■ **EXERCISE PROMPT**: Transcribe exactly the lines that fall between the one holding "Iams Cat Food" and the one holding "Mantap Rutan kelas", inclusive, from the entries below.

■ **THE INPUT**:
▬▬▬▬▬▬

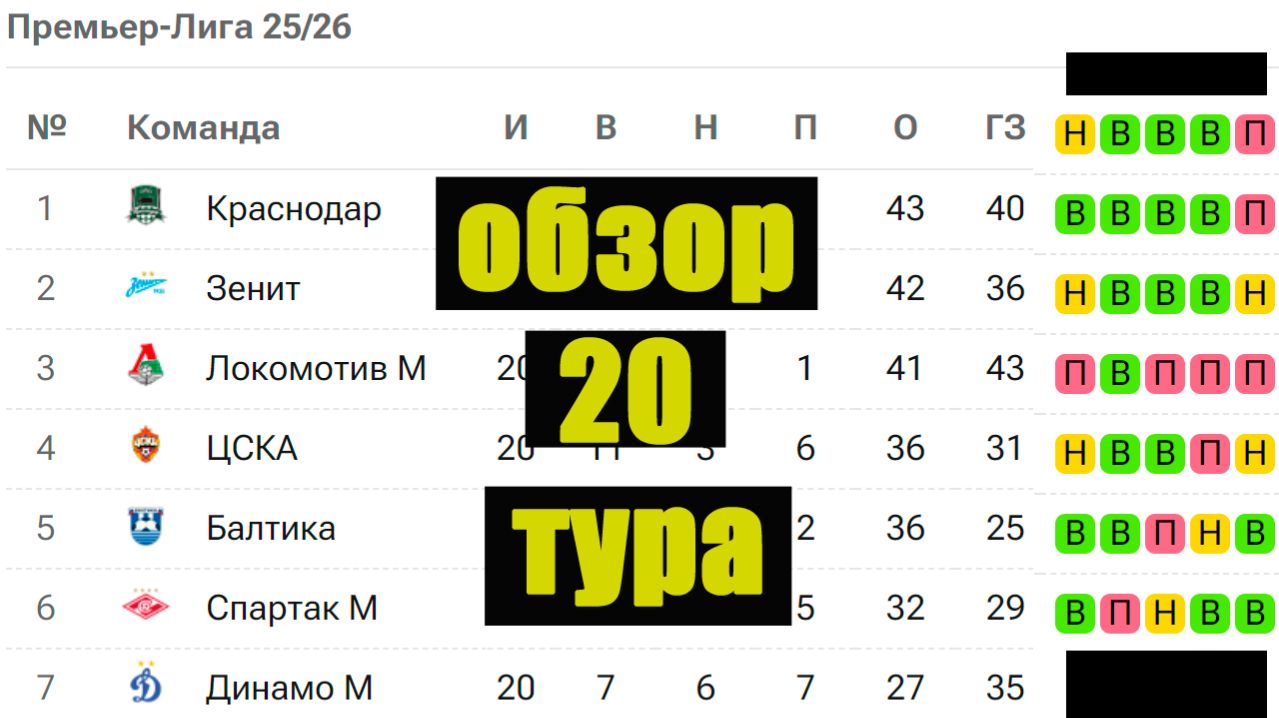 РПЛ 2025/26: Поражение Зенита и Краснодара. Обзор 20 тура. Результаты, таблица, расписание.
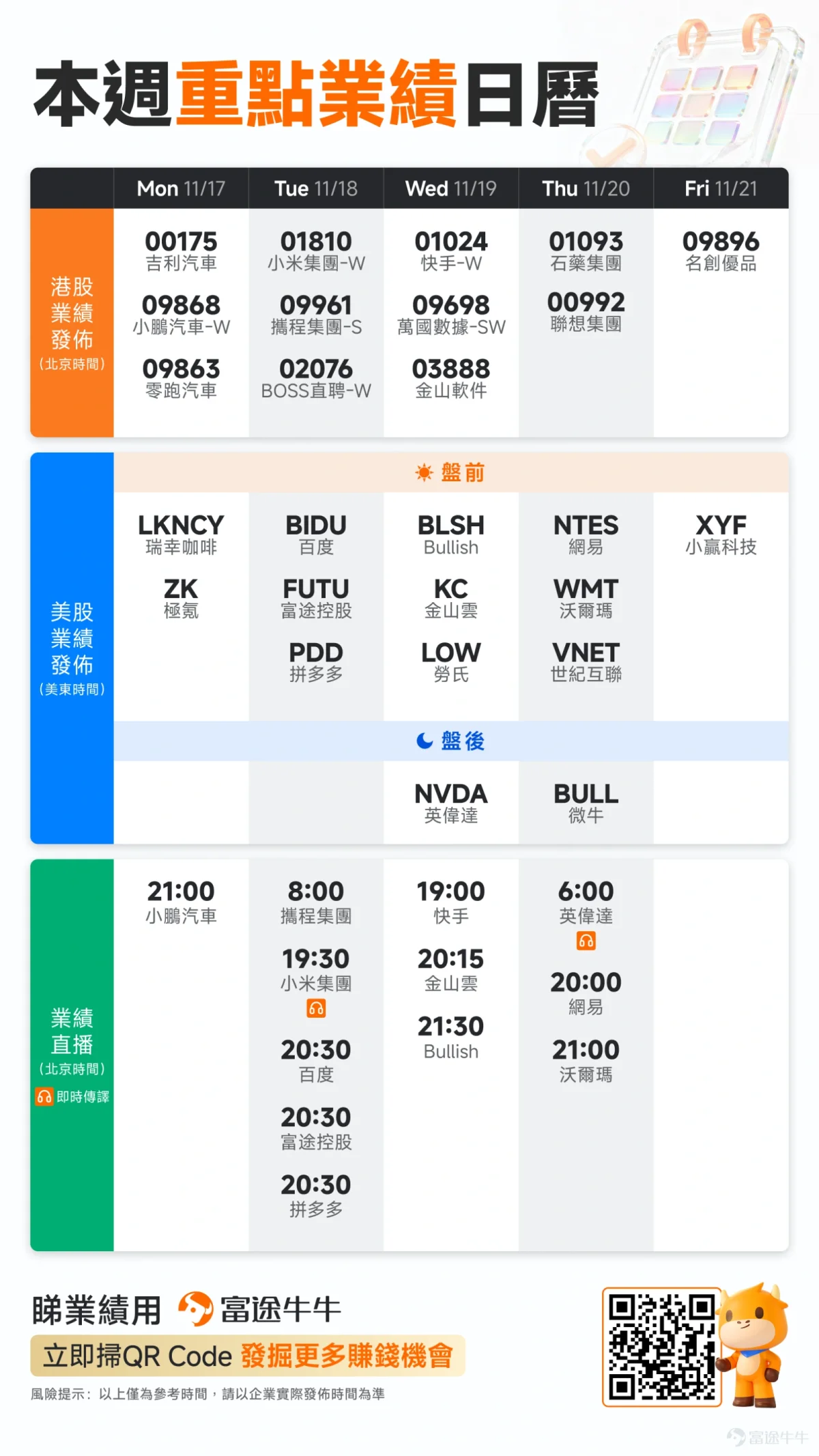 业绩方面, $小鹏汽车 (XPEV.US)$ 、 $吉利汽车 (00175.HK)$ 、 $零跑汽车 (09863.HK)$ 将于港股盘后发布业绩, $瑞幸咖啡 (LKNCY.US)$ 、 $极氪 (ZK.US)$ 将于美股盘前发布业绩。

▬▬▬▬▬▬

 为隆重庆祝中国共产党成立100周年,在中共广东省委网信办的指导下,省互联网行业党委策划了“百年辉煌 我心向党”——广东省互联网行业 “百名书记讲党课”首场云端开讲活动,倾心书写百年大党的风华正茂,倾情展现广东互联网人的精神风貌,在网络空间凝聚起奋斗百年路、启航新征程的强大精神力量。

▬▬▬▬▬▬

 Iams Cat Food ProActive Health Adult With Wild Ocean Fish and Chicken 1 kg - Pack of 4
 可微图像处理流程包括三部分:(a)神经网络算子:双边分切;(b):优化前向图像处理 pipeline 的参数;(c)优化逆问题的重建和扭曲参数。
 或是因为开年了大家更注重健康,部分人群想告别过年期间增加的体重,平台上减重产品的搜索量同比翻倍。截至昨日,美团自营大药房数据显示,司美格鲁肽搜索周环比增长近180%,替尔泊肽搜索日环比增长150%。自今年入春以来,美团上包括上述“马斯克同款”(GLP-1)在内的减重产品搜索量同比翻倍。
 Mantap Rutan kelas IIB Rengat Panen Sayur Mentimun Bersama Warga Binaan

▬▬▬▬▬▬

■ **ANSWER BOX**:
 Iams Cat Food ProActive Health Adult With Wild Ocean Fish and Chicken 1 kg - Pack of 4
 可微图像处理流程包括三部分:(a)神经网络算子:双边分切;(b):优化前向图像处理 pipeline 的参数;(c)优化逆问题的重建和扭曲参数。
 或是因为开年了大家更注重健康,部分人群想告别过年期间增加的体重,平台上减重产品的搜索量同比翻倍。截至昨日,美团自营大药房数据显示,司美格鲁肽搜索周环比增长近180%,替尔泊肽搜索日环比增长150%。自今年入春以来,美团上包括上述“马斯克同款”(GLP-1)在内的减重产品搜索量同比翻倍。
 Mantap Rutan kelas IIB Rengat Panen Sayur Mentimun Bersama Warga Binaan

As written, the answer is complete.